Cars we've been looking at are Audi A4, Lexus IS 250 etc.

Apologies for sounding so vague, our cars over the last 12 years have been private purchases so we're not too clued up on what's the best approach, and I'm not too trusting of any car sales people..... :blush:
 

FZR400RRSP

Banned
My wife's car is leased.
It can be a very cheap way to get yourself into a new car.
For example, my wife's top-of-the-range Fiesta only costs me £200 a month.
Couldn't hope to buy a new one for that, not unless we had a massive deposit or a loan over umpteen years.
Roadtax is also included.
Lings Cars was our first port of call, but they had none left.
However, they put us in touch with another lease company who did the deal at more or less the same cost as Lings.
I can't recall their name, but it would be a moot point anyway as they were bought over by someone else whose name escapes me.
 
Last edited:

lmccauley

Well-known Member
Generally, the cheapest (as in the lowest overall cost) way to own a decent car is to buy privately when about 3 years old and sell privately after about 3 years.

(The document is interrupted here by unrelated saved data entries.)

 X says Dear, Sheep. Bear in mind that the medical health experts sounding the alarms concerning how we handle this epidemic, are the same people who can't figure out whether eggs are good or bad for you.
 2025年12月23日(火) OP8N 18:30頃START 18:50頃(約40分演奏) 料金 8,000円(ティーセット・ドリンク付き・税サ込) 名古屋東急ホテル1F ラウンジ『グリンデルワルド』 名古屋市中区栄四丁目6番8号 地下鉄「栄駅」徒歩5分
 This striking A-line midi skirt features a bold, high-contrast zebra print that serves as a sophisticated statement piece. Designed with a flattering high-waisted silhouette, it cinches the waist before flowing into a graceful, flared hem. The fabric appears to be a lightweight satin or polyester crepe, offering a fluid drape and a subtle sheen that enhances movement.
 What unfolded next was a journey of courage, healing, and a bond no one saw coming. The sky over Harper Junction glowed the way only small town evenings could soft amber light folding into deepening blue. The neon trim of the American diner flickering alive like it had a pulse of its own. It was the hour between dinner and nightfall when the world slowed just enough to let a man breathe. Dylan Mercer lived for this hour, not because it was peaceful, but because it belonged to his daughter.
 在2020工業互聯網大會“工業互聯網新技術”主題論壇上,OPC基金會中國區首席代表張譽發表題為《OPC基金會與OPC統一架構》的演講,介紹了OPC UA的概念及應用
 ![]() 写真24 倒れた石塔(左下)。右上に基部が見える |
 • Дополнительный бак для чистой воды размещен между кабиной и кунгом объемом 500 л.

Depreciation is usually the biggest cost of ownership, and buying & selling through a dealer means you pay for their margin.

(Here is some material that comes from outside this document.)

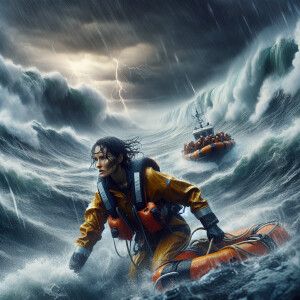 «Stormy Sea Rescue: Battling the elements during a rescue mission...»
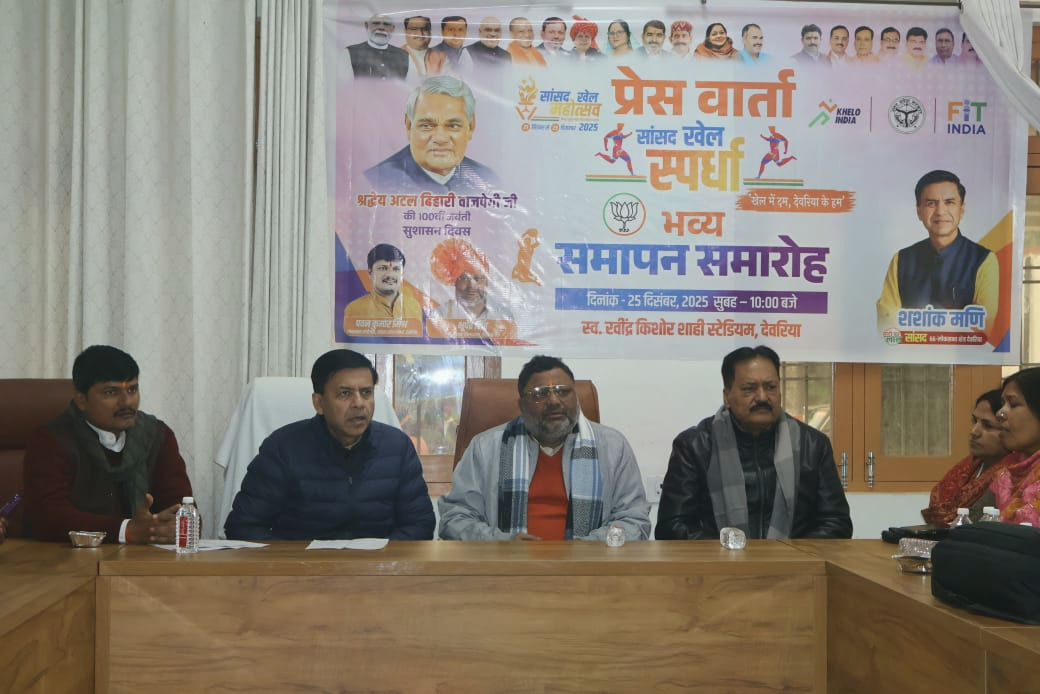 बैठक को सम्बोधित करते हुए सदर सांसद शशांक मणि ने कहा कि प्रधानमंत्री नरेंद्र मोदी के नेतृत्व में पूरे देश मे खेल और खिलाड़ियों को प्रोत्साहित करने के लिए सांसद खेल स्पर्धा का आयोजन किया जा रहा है। गुरुवार को जिला स्टेडियम देवरिया में सांसद खेल स्पर्धा का आयोजन होने जा रहा है। कल ही समापन होगा और विजेता खिलाड़ियों को पुरस्कृत किया जाएगा।

Leasing has the benefit of owning a brand new car, and some good deals are available where the leasing company buys in bulk to get a discount. Also, you don't have the hassle of selling privately - you just hand back.
 

mr:w

Well-known Member
FZR400RRSP, thanks for the info. Did you need to pay any lump sum or deposit upfront or just jump straight in with the monthly payments? And how does it work at the end of the contract - simply hand the keys back?

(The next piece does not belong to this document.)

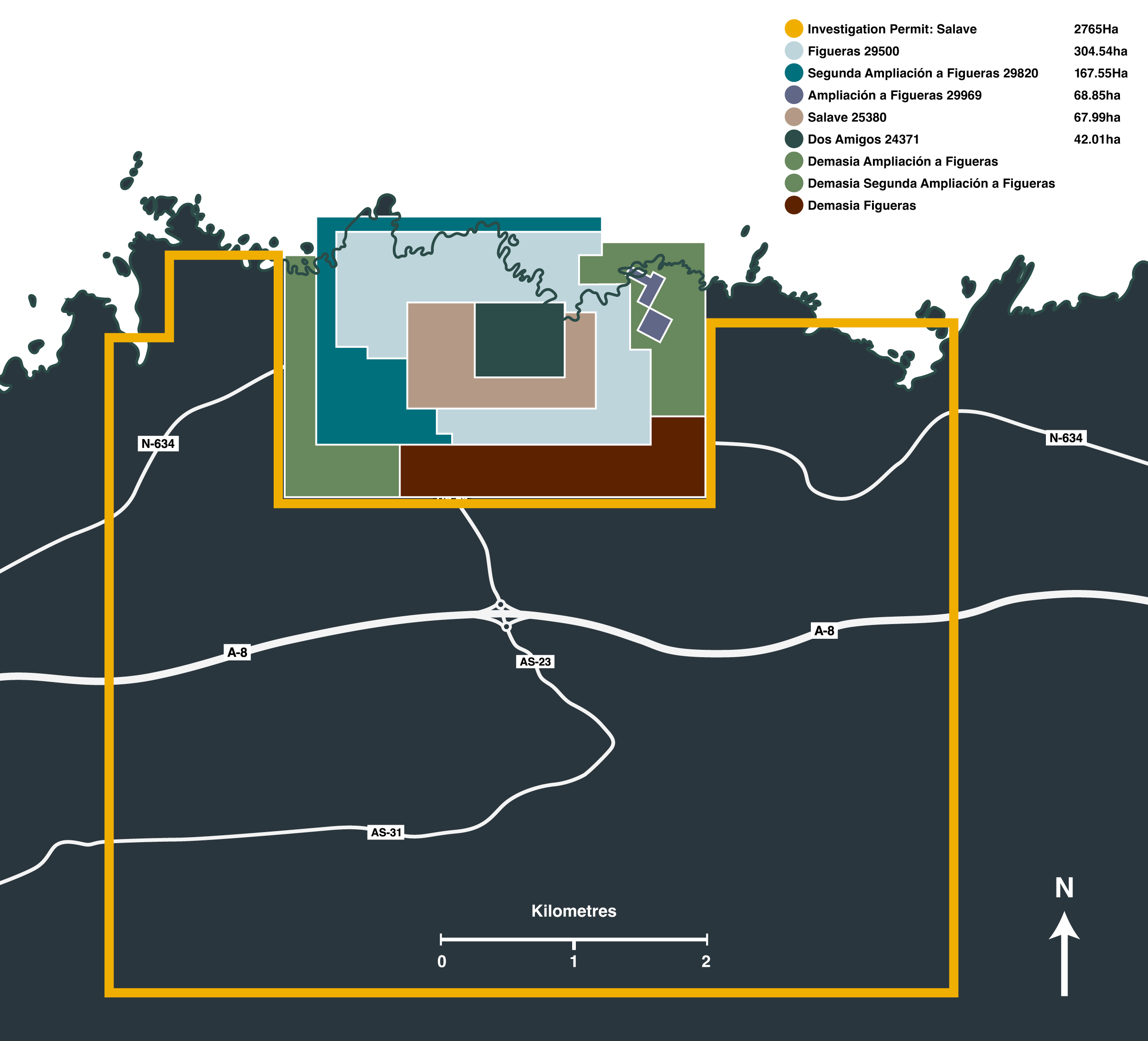EMC Gold owns 100% of the Salave gold deposit through its wholly owned Spanish subsidiary Exploraciones Mineras del Cantábrico. The EMC Gold tenure includes five Mining Concessions and associated extensions covering 662 ha and an Investigation Permit covering another 2,765 ha.

Also are there limits on your mileage, and do you cover all servicing costs?
 

FZR400RRSP

Banned
FZR400RRSP, thanks for the info. Did you need to pay any lump sum or deposit upfront or just jump straight in with the monthly payments? And how does it work at the end of the contract - simply hand the keys back?
Also are there limits on your mileage, and do you cover all servicing costs?

Usual term is 3+35 months.
That means you pay 3 months up front, then 35 monthly payments.
Yes, you just hand it back at the end of the contract.
Yes, agreed limits are set up at the start of contract and your monthly payments are based on that.
For example, a 6k per year lease will be cheaper than a 10k per year lease.
Ours is 10k a year.
If you go over that it's something like 4p a mile, so even another 1000 miles will only cost £40.00.
Yes, servicing is down to us.
 

un1eash

Distinguished Member
Some lease hires can include servicing at an extra cost so its worth checking to see if it works out cheaper.
 

FZR400RRSP

Banned
Some lease hires can include servicing at an extra cost so its worth checking to see if it works out cheaper.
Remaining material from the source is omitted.